“As an interconnected global institution, Stanford University believes that we have the responsibility to make sure that products affiliated to our name are manufactured in working conditions up to the standard that we embraced,” President John Hennessy said in his opening speech to last night’s panel discussion on “Global Competitiveness: Economics, Ethics, and the Global Labor Force” held at the Bishop Auditorium in the Graduate School of Business (GSB).
The discussion — moderated by Joshua Cohen, director of the Program on Global Justice at the Freeman Spogli Institute (FSI) for International Studies and professor of political science, philosophy and law — focused on the global push to improve the working environment, mainly in the textile industry. The panel discussed the implication of such efforts for Stanford, which gives out licenses to manufacture its branded apparel.
Political Science Prof.
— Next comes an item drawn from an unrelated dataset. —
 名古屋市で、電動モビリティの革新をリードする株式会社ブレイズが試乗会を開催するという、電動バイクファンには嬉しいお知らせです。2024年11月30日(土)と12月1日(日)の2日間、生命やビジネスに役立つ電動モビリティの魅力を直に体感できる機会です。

David Brady, who is also a senior fellow at the Hoover Institution, FSI and the Stanford Institute for Economic Policy Research (SIEPR), started the discussion with an introduction to the setbacks that anti-sweat shop movements have faced since their conception.
“Without a legal framework, it is very difficult for NGOs [non-governmental organizations] to enforce the appropriate standard,” he said. “And because of poverty, workers in these countries are forced to accept the job that has no safety measures.”
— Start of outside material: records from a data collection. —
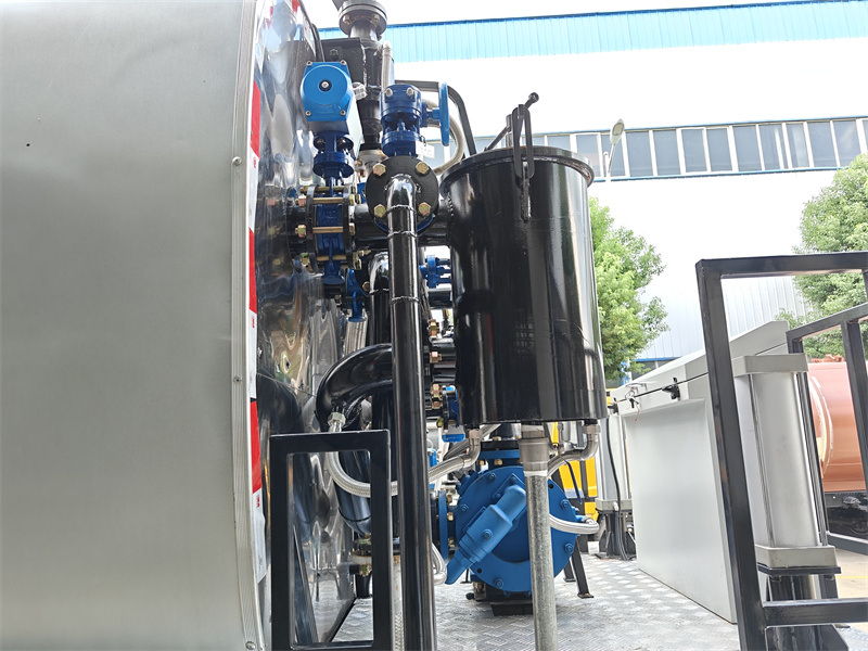 2.Tangki Besar: Tangki aspal berkapasitas 18 meter kubik ini kompatibel dengan aspal emulsi dan aspal panas, serta memberikan insulasi termal dan daya tahan.
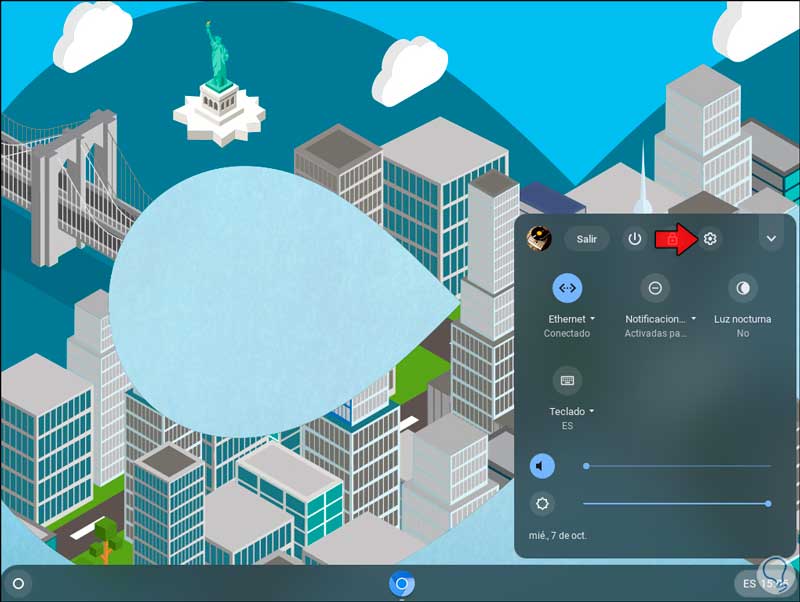 Damos clic en Inicio de Chromebook y luego clic en el icono de piñón (Configuración):
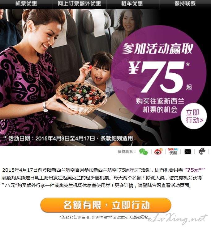 本帖最后由 belmaiastar 于 2015-4-9 10:57 编辑 抽到75元往返机票,不含税。 由于刚从nz回来。。貌似还不能转让。。。。 |
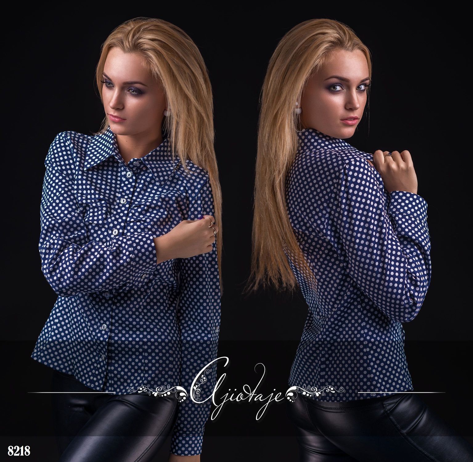 Цвет - белый горошек, крупные белые кружочки, синяя основа.
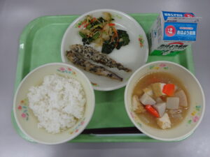 ごはん・牛乳・ししゃもの石垣揚げ・青菜のえのきあえ・大根のみそ煮

Despite these difficulties, anti-sweat shop movements have made significant progress in their pursuit. Brandy said that international surveys have shown that companies like Nike and Adidas have implemented measures to improve the working conditions in their subcontracting factories.
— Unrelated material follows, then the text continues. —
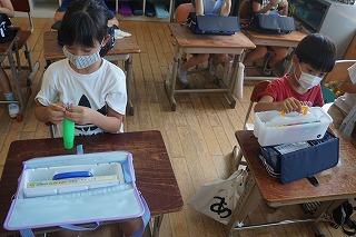 絵の具セットを初めて使うので,使い方や用具について学習しました。2時間目は,実際に絵の具を使って色を塗ります。濃さを調節して塗る練習をがんばります。
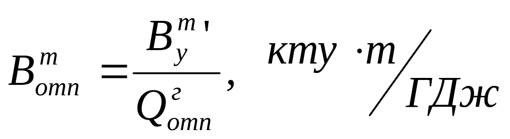 Удельный расход условного топлива на отпуск теплоты составляет:

“What matters is not the size of all the protests but the size of the media coverage of these protests,” said GSB Prof. Hayagreeva Rao. “The consumers react to what is on the news, and the next day not only will there be a boycott of the products but also the stock market will be hit.”
Rao added that the activists have managed to use these tactics and transform this social moral issue into a risk issue to the companies. This offers an incentive to companies like Nike, Adidas and Gap to improve their workers’ working conditions.
But Ethics in Society Prof. Debra Satz warned the audience to think hard about the potential conflict between the good intention and the negative consequences that these movements may pose to the workers in developing countries, especially the loss of jobs.
However, she concluded that these problems should not deter people from pushing for what they believe in.
“We don’t know enough about the world to determine what works and what does not work,” she said. “Sometimes what the economists think cannot work may in fact become the very thing that changes the world.”
Scott Nova, executive director of Workers Rights Consortium — an organization that involves 175 colleges and universities (including Stanford) across the U.S. — said the University has a lot of power over the manufacturers of its branded apparel.
“One of the things that the University can do,” he said, “is to put down in the licensing agreements with the manufacturers the standard of working conditions that it wants the manufacturers to embrace.”
Among the attendees at last night’s panel were members of the Sweat-Free Stanford Coalition.
They had a very interesting point on how consumers can be a factor in the anti-sweat shop movement,” said Theresa Zhen’ 09, a member of the coalition. “We will go back and rethink our strategy to influence more on the demand side, instead of directing [our efforts] at the economic market which we cannot really control.”